GUIGUINTO, Bulacan—This garden capital of the country continues to bloom as it celebrates this year its 27th Halamanan Festival from January 18-22.
Flower and plants-like costumes of nearly a thousand school children and the greening floats of all the fourteen barangays, the municipal government and private company partners turned the major streets of the town into garden-like surroundings and atmosphere as the weeklong program kicked-off on Saturday.
Mayor Atty. Agatha Paula Cruz and his father, Bulacan Fifth District Rep. Ambrosio Cruz Jr., and other key officials and leaders graced the “Indakan sa Kalye” street dancing and the “Parada ng Karosa” that signals the opening of the festival from San Miguel Corporation compound in Barangay Sta. Cruz to the municipal parish church and the municipal grounds in Barangay Ilang-Ilang and Poblacion.
Among the highlights of this year’s weeklong programs are the grand showdown of the street dance on Saturday night at the municipal oval, the plant and garden, landscape, dish garden competition, bird show, dog fashion show dubbed as “Pawshion Show,” trade fair plant “bagsak presyo,” bonsai competition, “Bulaklak sa Halamanan,” “Hari at Reyna,” concert, municipal scholars gathering and the mayor’s “Ulat sa Bayan”.
According to the mayor, this year’s Halamanan Festival, similar to the previous ones, remains to be a grandeur event because it honors and gives recognition to the plant and garden industry which had given Guiguinto its own identity and pride for the 27th year today.
Guiguinto’s plant industry with more than 200 garden and stall-owners and more than 100 nursery and growers had further grown in full bloom and had reached its full potential over the recent years since Rep. Cruz established the Halamanan Festival in 1998.
The congressman who was then elected as first time mayor of the town began the Halamanan Festival as Guiguinto’s own and distinct cultural and economic identity. Before that, Guiguinto had not been known for any product or identity.
According to the congressman, Guiguinto since the 1960’s has been the center of ornamental plants in Bulacan. There are stalls along the Tabang entry exit of the North Luzon Expressway, then known as the North Diversion Road while business stalls and gardens have grown full blown in the Cloverleaf area in Tabang, in Violeta Village and Rosaryville subdivision in Sta.
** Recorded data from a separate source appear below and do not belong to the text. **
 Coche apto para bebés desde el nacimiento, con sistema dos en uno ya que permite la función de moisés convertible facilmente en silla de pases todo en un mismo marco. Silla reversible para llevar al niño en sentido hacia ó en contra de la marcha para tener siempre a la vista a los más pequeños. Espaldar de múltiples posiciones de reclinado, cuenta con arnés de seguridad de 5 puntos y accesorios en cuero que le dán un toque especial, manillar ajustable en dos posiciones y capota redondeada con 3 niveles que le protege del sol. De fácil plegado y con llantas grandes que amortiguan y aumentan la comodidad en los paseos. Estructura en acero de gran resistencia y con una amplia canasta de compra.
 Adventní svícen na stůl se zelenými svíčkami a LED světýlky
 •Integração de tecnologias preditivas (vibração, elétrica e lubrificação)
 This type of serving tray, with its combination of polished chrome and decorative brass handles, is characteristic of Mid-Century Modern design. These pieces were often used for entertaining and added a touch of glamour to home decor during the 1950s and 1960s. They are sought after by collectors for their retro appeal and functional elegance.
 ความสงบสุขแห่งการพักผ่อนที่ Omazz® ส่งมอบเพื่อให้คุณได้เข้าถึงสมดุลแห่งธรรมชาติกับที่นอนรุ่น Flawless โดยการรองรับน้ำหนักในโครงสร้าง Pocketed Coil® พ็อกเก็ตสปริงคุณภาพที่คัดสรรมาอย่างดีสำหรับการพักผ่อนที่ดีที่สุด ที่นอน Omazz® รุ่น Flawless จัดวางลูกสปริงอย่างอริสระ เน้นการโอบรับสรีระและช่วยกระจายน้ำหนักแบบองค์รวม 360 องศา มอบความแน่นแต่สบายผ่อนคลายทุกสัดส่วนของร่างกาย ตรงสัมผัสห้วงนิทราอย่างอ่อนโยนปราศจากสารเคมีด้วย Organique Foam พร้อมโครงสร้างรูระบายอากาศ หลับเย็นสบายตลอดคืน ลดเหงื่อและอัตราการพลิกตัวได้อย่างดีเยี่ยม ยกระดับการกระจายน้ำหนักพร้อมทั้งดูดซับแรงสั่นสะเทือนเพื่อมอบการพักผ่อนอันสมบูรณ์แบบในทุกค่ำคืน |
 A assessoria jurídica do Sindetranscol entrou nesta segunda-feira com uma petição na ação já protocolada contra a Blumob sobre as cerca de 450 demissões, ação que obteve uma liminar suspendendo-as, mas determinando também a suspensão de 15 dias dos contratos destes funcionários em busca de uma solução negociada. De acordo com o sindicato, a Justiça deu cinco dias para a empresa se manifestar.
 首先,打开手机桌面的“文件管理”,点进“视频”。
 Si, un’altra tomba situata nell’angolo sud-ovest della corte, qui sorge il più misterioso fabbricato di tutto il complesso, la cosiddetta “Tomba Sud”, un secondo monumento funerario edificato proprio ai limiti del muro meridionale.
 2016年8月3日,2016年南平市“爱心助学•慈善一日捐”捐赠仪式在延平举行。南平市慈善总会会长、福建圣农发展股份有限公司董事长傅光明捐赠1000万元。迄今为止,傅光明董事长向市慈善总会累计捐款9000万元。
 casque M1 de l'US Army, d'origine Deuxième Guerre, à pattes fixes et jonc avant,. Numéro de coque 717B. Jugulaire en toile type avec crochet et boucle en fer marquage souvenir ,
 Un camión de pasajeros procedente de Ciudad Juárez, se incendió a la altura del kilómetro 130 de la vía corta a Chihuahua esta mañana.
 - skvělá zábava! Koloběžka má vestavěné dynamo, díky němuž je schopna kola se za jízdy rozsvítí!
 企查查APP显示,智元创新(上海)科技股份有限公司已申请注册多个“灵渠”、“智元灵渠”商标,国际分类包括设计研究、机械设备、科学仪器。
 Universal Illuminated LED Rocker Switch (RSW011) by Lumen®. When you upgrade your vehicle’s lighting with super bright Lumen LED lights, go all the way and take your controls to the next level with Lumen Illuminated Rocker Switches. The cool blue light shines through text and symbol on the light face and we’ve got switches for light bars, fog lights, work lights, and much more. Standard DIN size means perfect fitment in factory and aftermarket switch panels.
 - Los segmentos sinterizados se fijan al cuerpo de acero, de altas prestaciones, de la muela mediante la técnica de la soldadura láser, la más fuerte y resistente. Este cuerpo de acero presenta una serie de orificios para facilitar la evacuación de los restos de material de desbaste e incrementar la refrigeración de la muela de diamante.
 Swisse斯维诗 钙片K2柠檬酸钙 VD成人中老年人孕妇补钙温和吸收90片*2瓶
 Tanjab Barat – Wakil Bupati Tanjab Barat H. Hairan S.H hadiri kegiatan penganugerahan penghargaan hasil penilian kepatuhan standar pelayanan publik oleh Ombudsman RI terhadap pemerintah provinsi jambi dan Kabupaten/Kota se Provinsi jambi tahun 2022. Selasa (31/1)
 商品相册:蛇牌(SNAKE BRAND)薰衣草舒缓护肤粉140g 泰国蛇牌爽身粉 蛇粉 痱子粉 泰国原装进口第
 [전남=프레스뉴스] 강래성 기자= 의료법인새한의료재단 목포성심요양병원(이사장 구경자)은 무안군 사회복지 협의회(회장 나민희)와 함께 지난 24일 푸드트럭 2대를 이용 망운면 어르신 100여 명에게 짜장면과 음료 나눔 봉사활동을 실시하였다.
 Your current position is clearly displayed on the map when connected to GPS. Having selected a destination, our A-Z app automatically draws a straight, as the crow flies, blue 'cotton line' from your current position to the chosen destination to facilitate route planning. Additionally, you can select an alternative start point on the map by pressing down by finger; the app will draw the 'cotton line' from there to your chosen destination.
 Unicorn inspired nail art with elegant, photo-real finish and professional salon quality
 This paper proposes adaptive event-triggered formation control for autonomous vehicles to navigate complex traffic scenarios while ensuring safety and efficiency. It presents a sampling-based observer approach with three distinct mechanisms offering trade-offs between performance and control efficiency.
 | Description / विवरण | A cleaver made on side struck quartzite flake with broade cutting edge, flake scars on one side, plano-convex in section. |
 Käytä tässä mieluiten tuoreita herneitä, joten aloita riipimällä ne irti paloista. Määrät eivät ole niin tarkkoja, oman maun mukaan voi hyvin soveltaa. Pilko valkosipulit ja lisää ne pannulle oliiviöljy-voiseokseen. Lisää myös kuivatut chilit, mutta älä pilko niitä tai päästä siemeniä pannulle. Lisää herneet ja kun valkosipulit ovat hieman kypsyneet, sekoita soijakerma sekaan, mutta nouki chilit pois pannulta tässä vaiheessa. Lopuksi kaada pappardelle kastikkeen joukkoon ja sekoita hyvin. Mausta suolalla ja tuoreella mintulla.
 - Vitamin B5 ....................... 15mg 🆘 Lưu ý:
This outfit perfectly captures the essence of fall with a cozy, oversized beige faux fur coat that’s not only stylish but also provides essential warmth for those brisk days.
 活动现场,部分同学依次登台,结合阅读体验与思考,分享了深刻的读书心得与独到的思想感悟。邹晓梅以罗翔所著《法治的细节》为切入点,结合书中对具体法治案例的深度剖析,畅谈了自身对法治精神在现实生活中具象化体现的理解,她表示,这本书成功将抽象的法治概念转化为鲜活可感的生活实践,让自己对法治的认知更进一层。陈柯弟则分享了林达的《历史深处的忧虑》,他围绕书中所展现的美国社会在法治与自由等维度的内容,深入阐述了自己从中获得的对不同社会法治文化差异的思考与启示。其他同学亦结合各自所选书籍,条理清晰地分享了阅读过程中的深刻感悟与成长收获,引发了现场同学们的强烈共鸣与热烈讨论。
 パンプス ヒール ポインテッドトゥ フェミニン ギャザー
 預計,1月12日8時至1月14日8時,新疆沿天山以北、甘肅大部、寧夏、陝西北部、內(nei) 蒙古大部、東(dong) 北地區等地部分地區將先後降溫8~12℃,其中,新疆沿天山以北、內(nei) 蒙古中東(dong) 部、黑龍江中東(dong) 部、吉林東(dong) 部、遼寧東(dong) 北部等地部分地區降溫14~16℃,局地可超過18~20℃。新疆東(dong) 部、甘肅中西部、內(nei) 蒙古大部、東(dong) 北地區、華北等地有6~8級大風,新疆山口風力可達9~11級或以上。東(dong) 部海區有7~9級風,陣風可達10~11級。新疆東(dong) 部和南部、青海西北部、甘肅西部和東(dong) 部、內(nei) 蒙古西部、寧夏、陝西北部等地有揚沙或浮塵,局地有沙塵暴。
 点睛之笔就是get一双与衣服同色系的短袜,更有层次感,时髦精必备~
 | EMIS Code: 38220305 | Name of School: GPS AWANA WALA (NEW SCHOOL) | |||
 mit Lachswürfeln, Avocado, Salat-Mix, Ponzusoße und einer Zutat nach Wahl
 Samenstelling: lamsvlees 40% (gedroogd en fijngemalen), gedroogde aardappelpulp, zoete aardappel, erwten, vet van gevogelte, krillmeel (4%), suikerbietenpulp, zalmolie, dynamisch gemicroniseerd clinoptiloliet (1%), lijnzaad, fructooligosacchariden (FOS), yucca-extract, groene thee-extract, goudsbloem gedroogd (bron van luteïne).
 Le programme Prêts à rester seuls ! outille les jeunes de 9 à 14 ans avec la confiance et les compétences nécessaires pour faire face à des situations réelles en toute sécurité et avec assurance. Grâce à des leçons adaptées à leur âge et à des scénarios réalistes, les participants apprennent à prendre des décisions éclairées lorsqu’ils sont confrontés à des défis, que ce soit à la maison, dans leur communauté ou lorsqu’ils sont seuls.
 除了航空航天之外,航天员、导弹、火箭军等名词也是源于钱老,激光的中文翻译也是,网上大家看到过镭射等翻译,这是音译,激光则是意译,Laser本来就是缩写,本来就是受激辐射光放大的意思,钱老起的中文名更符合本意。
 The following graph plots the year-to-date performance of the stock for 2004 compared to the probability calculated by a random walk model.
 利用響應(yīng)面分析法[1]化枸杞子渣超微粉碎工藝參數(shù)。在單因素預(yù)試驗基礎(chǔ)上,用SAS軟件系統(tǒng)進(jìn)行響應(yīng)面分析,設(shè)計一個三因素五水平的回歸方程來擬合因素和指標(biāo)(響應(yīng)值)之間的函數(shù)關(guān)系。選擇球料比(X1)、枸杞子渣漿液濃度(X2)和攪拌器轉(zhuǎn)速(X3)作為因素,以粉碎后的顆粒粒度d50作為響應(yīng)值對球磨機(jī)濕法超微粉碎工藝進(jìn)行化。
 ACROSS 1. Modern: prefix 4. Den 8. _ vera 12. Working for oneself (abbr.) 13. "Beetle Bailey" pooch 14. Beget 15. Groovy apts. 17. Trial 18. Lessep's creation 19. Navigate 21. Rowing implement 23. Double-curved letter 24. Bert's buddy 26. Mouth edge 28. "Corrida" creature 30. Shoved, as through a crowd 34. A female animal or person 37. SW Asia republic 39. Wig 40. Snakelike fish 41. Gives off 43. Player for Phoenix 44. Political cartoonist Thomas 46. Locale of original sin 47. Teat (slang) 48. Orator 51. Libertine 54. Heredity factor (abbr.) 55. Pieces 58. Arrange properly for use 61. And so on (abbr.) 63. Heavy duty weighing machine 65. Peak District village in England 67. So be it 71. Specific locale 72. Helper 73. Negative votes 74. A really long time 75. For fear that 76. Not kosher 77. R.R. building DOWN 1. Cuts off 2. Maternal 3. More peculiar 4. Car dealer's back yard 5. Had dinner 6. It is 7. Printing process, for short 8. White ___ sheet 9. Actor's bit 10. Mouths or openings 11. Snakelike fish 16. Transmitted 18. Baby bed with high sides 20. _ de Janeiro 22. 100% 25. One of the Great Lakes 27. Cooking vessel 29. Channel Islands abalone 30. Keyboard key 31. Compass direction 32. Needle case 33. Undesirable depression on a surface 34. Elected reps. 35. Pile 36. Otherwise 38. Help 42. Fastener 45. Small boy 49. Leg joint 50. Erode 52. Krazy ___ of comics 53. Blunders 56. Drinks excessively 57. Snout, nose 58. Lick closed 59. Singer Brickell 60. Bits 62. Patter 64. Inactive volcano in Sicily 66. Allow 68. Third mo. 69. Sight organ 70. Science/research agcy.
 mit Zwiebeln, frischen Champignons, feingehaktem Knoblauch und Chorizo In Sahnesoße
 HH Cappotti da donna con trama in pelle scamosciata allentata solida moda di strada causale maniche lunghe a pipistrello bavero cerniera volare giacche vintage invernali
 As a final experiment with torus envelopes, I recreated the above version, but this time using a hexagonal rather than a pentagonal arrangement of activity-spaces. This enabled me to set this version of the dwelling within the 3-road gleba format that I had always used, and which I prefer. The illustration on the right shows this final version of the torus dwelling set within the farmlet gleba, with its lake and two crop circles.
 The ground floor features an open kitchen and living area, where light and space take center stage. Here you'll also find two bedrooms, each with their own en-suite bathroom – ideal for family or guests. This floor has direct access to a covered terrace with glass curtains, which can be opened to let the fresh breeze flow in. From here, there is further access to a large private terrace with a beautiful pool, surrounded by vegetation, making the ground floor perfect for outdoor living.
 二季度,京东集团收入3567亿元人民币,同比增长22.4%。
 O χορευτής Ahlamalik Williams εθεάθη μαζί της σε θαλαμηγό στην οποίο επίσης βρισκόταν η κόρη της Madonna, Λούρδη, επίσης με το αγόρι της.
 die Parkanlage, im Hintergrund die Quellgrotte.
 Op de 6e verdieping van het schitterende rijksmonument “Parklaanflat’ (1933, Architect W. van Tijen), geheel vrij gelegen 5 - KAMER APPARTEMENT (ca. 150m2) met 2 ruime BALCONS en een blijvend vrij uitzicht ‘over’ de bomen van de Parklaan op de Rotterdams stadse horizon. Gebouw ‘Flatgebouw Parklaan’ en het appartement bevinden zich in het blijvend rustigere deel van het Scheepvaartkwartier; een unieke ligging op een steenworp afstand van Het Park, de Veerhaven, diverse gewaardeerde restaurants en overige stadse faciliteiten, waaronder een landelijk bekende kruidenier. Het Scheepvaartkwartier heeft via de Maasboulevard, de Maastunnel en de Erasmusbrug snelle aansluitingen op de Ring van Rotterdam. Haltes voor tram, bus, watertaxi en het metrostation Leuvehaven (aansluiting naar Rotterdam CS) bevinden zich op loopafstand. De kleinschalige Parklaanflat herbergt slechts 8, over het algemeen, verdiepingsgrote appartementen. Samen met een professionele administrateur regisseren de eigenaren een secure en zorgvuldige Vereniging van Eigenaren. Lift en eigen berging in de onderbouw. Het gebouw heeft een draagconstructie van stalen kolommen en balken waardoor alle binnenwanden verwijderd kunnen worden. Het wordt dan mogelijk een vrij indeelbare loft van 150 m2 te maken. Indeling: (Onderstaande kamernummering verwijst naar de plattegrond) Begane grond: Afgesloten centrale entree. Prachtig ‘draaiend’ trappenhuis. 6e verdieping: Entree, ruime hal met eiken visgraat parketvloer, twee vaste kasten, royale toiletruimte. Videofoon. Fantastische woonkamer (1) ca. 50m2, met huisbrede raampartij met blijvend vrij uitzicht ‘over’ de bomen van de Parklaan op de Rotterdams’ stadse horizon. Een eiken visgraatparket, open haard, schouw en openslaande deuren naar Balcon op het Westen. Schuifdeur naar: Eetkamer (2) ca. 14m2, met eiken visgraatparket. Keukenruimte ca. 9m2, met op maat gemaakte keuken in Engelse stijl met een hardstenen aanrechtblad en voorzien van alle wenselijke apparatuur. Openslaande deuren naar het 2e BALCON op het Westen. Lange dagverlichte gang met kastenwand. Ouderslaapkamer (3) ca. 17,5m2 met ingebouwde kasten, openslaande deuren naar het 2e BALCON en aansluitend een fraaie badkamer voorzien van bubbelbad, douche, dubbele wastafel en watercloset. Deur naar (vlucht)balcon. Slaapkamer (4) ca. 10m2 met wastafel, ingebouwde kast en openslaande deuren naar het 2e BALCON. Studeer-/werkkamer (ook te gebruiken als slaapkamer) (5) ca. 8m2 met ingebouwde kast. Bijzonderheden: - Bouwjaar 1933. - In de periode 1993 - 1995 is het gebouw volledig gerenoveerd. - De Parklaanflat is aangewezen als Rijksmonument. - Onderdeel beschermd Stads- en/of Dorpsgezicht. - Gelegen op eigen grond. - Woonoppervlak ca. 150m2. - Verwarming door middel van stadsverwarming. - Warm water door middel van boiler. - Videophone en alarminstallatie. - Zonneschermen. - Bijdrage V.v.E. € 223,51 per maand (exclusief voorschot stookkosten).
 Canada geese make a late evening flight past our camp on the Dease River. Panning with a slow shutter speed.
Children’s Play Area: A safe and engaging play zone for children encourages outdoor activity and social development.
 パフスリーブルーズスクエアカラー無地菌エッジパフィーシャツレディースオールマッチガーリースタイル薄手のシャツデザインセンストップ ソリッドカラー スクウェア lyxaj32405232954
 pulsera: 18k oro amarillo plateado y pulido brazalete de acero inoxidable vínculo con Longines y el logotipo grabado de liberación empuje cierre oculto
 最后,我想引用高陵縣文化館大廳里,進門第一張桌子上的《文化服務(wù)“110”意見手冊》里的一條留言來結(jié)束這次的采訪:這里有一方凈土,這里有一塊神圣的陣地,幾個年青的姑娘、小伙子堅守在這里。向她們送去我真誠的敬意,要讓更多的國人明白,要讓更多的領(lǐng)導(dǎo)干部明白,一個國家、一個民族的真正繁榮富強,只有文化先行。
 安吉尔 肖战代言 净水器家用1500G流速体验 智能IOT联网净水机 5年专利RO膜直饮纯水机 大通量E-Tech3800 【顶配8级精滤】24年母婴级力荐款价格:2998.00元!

Cruz and in other key areas, and yet, the town has no identity.
Many of these garden stalls owners were from Hagonoy town but the worsening floods in their town have made them transfer their industry to the higher and elevated town of Guiguinto.
Cruz begun the Halamanan Festival in 1998 not only to give Guiguinto its own respective identity, but to also promote the industry by supporting the garden owners and make their plant industry a fully blossom and bloomed business in Bulacan.
Since then, the garden industry in Guiguinto had earned for the town the brand as the “Garden Capital of the country,” the mayor said.
Mayor Cruz estimated the garden industry in Guiguinto to have reached P1-billion in worth as individual players go as far as the Visayas and Mindanao to do landscape designs, help in the architectural works of buildings and homes through artistic plant designs.
“The 27th year Halamanan Festival today symbolizes the realization of the dream of each of the people in Guiguinto to make their town be known as the haven of plants and gardens and the continued flowering of the business and economy in the town,” the mayor said.
Ellen Torres-Santiago, owner of Ellen’s Garden told NEWSCORE that their plant industry has remained blooming over the years, but sales have not been the same after the end of the Covid-19 pandemic in 2022. The garden industry in Guiguinto was more than triple the success of the sales today as people in many places in the country turned their attention in their respective homes in growing plants and gardening while restrictions and lockdown were enforced.
“It will not be the same anymore, it was the pandemic time that gave us that rake in sales. But, we would not want another pandemic. Today, while sales and the industry as a whole continue to bloom, there are lean months in the industry that leave very small sales and earnings. We implore strategies to promote our plants and our garden skills. We do our own respective ways,” she told Inquirer.
Santiago only sent her children to participate in the feast as she is in Metro Manila for a business transaction.
She thanked the municipal government of Guiguinto for continuously helping the plant growers and promoting the plant industry of the town.
“This business which I learned from my father twenty years ago has sent my children to universities and this will continue to serve several more generations in the future. Thank you to our leaders and to each and every member who never gives up in all the challenges and trials in the industry,” she added.